2
votes

I know this question has been asked before but the answers I found did not address my issue.

we are using azure search for both scenarios where we need to analyze text and for scenarios where only a filter is applied to static data. i.e if you have a product details stub in azure search with just category and price, users can find particular categories in particular price ranges without needing to do any text analysis. For such scenarios, is DocumentDB faster or Azure Search.

If faceting is required, does DocumentDB also offer that facility (either Faceting or group by) that is as efficient as Azure Search Faceting?

Is there any way of accessing the unique terms indexed in Azure Search. For example if London, England is indexed as London and England, for us to look up the index and get the unique terms London and England.

In addition, can we append any metadata to terms so that we can for example identify that the term London is a city while England is the name of a country.

Many thanks

1

1 Answers

3
votes

Generally speaking, if you only need to formulate structured queries Cosmos DB (the evolution of DocumentDB) is a natural choice. It has more flexibility around consistency models (which will make it easier for your application if you want, for example, to read your own writes immediately), requires no schema, has more flexible queries, etc. (that is, it's a general purpose database instead of a domain-specific one like the search engine)
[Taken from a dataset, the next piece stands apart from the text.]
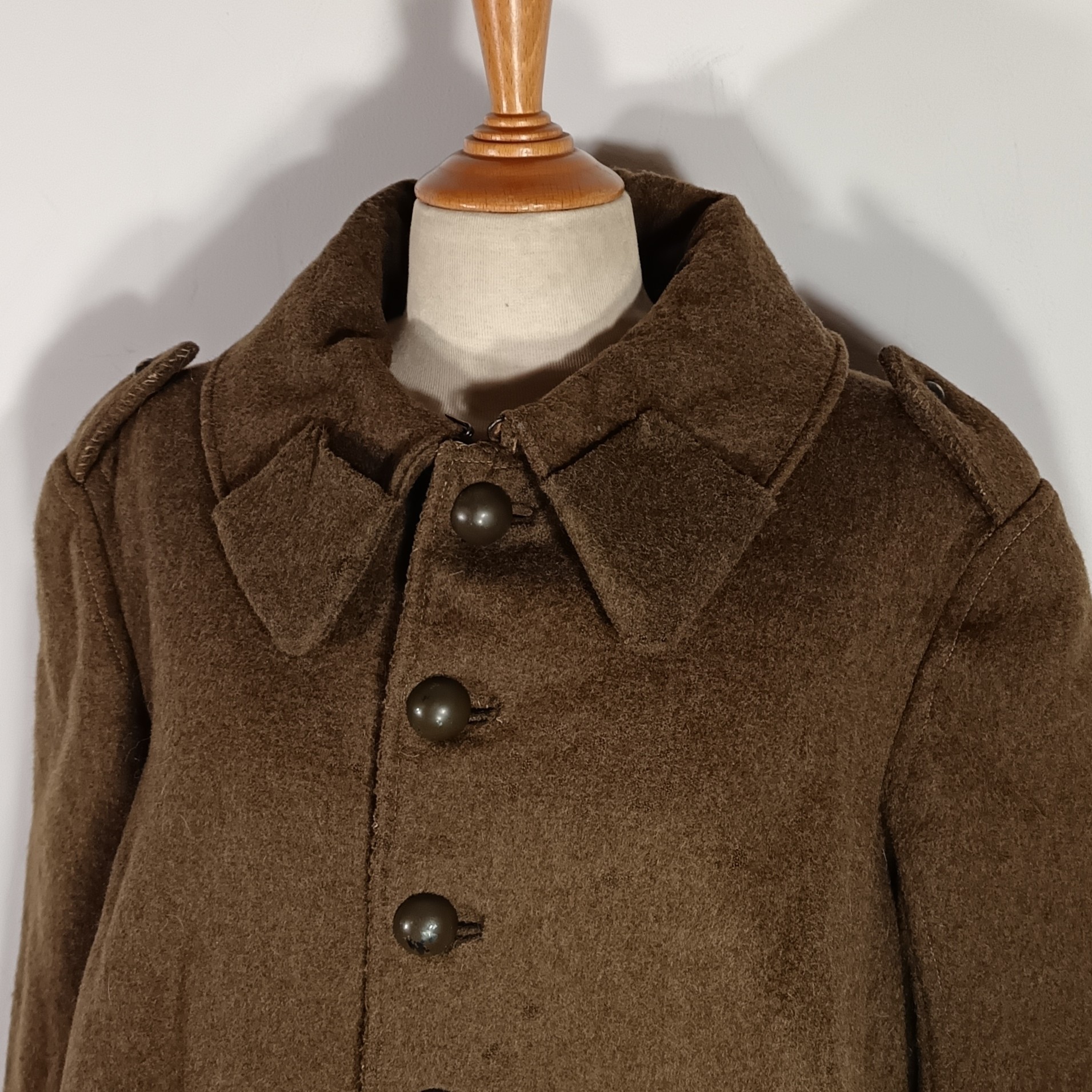 MANTEAU OU CAPOTE TROUPES MONTEES MODELE 1920-1935 DRAP TROUPE KAKI BOUTONS KAKIS POUR UN CAPITAINE D'ETAT MAJOR VOLETS POUR CACHER LES PATTES DE COL TAMPON DATE 1939

If you need both structured and search-style queries, then Azure Search can often handle both. You could use Azure Search for both aspects of this workload if your application can tolerate the weaker consistency model of Azure Search and you don't need any of the queries that can be expressed by Cosmos DB that cannot be expressed in Azure Search.
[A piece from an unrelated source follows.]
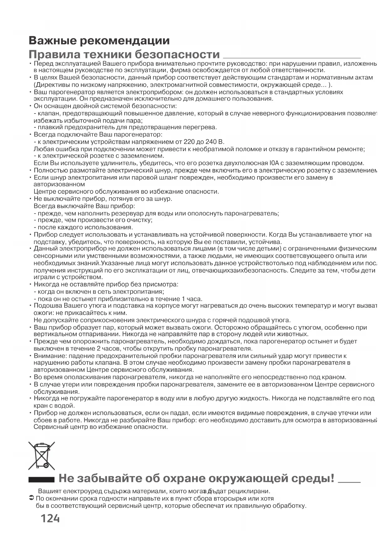 • Ваш парогенератор является электроприбором: он должен использоваться в стандартных условиях

If faceting is required, does DocumentDB also offer that facility

Cosmos DB does support aggregates, you can read more about this here: https://azure.microsoft.com/en-us/blog/planet-scale-aggregates-with-azure-documentdb/?v=17.23h

Unless you have huge data/query volumes, performance is more of a function of how much capacity you provision than something inherent only to which service you choose. That said, Cosmos DB offers strict SLA on read and write latency.

Is there any way of accessing the unique terms indexed in Azure Search

This seems like a different topic, perhaps start another question if you need more specifics. Short version is that there's no way to access the actual terms dictionary. If you need to know which set of terms exist, sometimes you can accomplish this by storing all terms you care about (perhaps a subset of the total) in a Collection(String) field in each document, and then facet over that.